The student representatives were due to gather again on Tuesday evening at bus and Luas stops around the city to push their appeal.
UCD students' union campaign and engagement officer Hazen E Griffin has experience of the challenges of finding accommodation as an international student in Dublin.
Arriving from the US, Mr Griffin said he was shocked at the housing crisis in Ireland and spent the summer couch-surfing while struggling to find a place to live for the upcoming academic year.

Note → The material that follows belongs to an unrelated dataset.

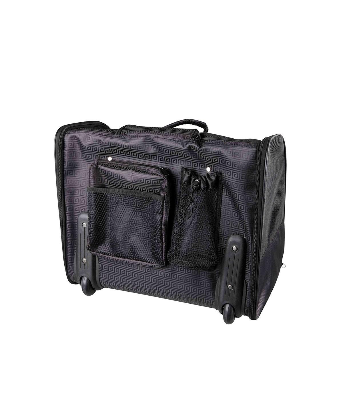 Este trolley es perfecto si no quieres cargar con el peso de tu perro. El asa retráctil sube hasta 95 cm para que puedas llevarlo cómodamente y se esconde por completo en un bolsillo a medida. Además, cuenta con un asa de nylon para llevarlo como bolso de mano de forma momentánea (subir escaleras o aceras).

It had taken a 'serious' toll on his mental health, he said.
'This is the experience of countless students,' Mr Griffin said. 'This is a last-ditch effort to get some rooms for students who are coming in the next two weeks to study at Irish universities.'
Welfare officer Emilia O'Hagan, from Co Down, lived and worked 'upwards of 50 hours a week' in a Dublin boarding school during second year when no other accommodation options were available.
'Looking back, that was a really messed up situation for someone in their second year of college,' she said.
'I was only 19 and basically mothering over 30 children. I was on call all night ... any social life was out the window.'
The digs drive 'is quite personal to me', she said, describing how she failed exams due to the demands of her work and living arrangement.
Shreyansh Jagtap from Mumbai, India, said living in digs has positively transformed his college experience.
Mr Jagtap lives with a family in Ongar, west Dublin, who have rented a room to him for €600 a month for the last year.
'They have kids, so it's like a family for me here. It's giving mental support plus a good space,' he said. One 'perk' of the digs arrangement, he said, has been the home-cooked meals included in the rent.
Now the students' union's graduate officer, Mr Jagtap said he has seen how renting in Dublin was '10 times harder' than in Mumbai. 'Mumbai is also expensive, but not this much,' he said.